(RECORDED INFORMATION)

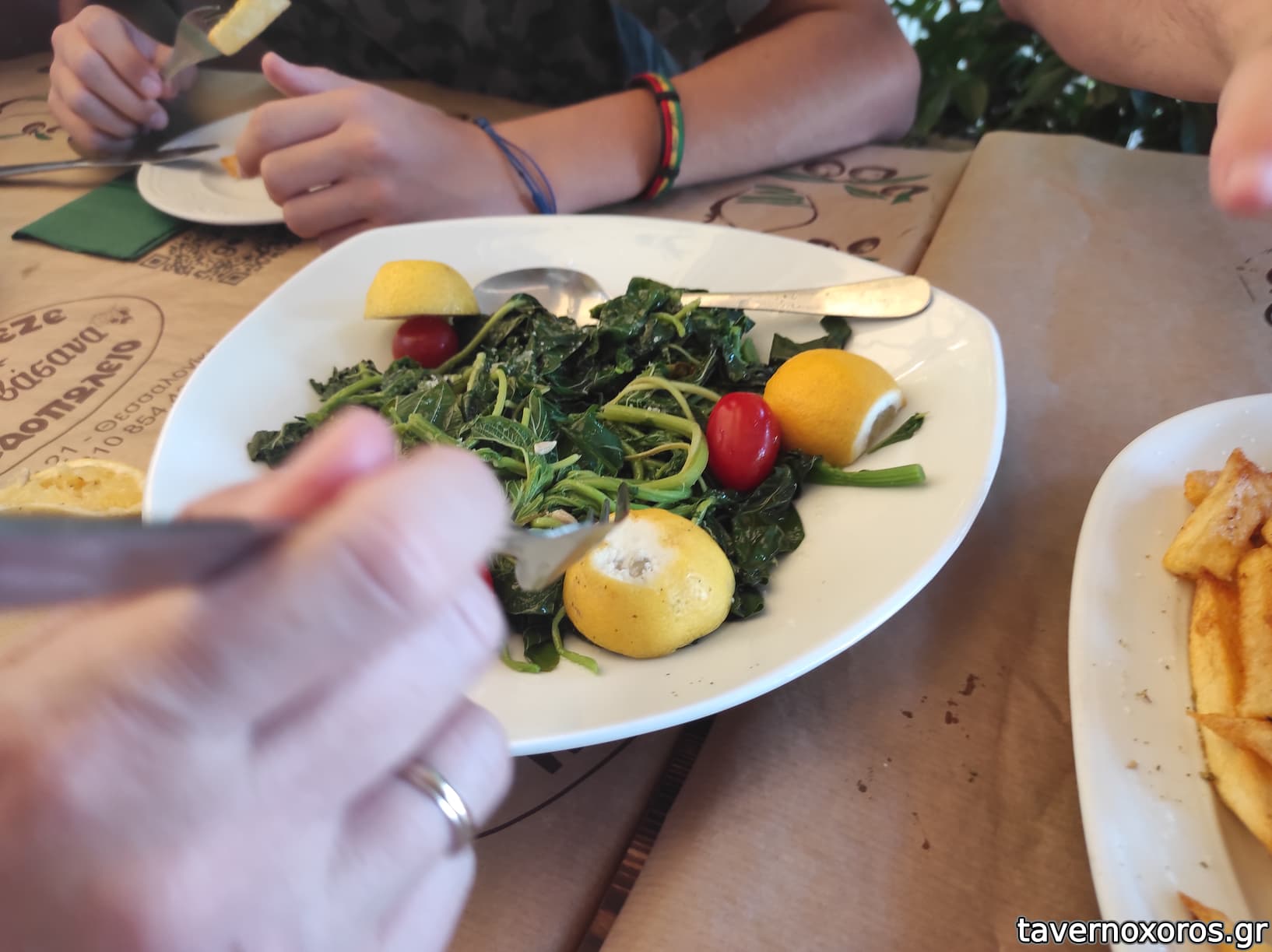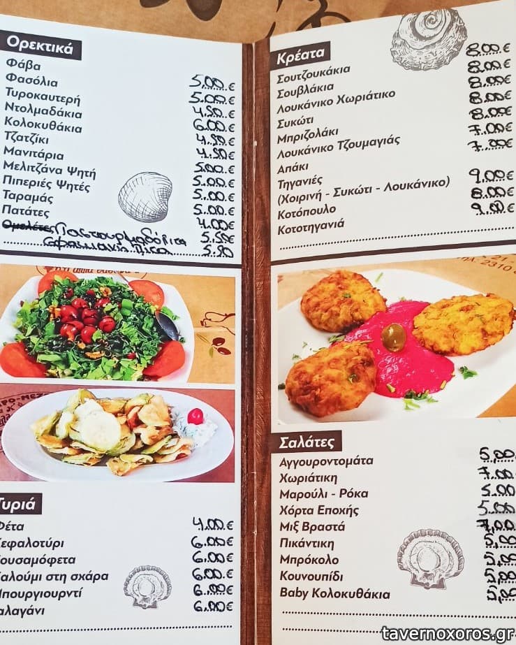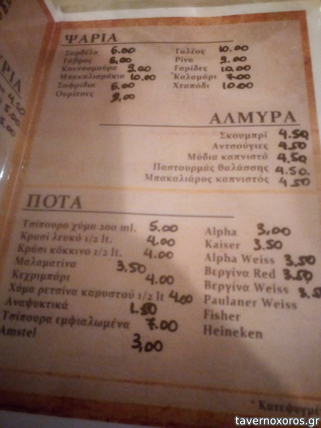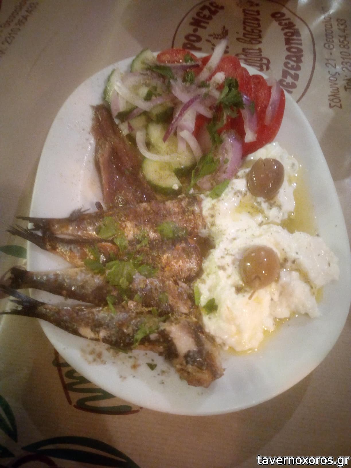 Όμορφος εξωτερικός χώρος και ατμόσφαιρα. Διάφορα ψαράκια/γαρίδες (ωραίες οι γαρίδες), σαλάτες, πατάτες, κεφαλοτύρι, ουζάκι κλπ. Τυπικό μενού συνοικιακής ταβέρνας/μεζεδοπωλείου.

(End RECORDED INFORMATION)
(RECORDED INFORMATION)

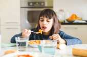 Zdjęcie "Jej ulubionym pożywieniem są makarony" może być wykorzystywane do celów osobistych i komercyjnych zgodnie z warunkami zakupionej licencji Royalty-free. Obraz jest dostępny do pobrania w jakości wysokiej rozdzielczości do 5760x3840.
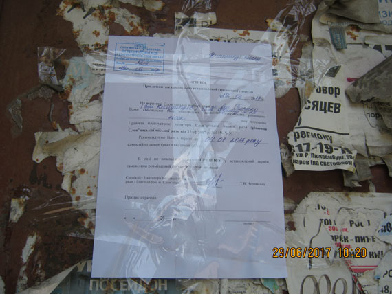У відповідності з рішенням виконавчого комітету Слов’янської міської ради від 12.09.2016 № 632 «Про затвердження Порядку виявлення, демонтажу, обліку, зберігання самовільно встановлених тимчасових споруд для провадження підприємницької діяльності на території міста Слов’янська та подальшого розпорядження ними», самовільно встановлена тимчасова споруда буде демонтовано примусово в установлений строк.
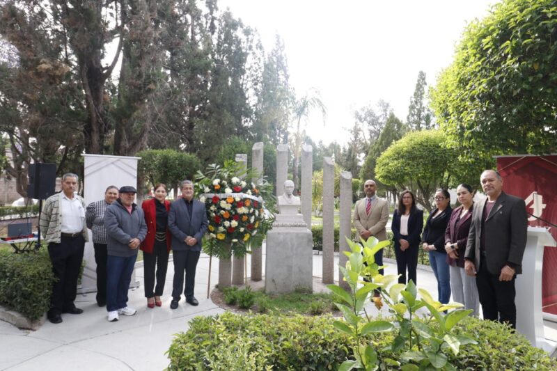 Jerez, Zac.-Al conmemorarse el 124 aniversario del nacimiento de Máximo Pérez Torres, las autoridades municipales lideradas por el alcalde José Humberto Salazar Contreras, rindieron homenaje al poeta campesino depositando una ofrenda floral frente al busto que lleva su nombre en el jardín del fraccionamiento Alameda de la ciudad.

(End RECORDED INFORMATION)

[WHAT YOU WILL DO] Above are some entries; copy exactly the lines from the line with "rozdzielczości do 5760x3840." through the line with "У відповідності з", both included, but none of the pictures.

[TASK ANSWER]
 Zdjęcie "Jej ulubionym pożywieniem są makarony" może być wykorzystywane do celów osobistych i komercyjnych zgodnie z warunkami zakupionej licencji Royalty-free. Obraz jest dostępny do pobrania w jakości wysokiej rozdzielczości do 5760x3840.
У відповідності з рішенням виконавчого комітету Слов’янської міської ради від 12.09.2016 № 632 «Про затвердження Порядку виявлення, демонтажу, обліку, зберігання самовільно встановлених тимчасових споруд для провадження підприємницької діяльності на території міста Слов’янська та подальшого розпорядження ними», самовільно встановлена тимчасова споруда буде демонтовано примусово в установлений строк.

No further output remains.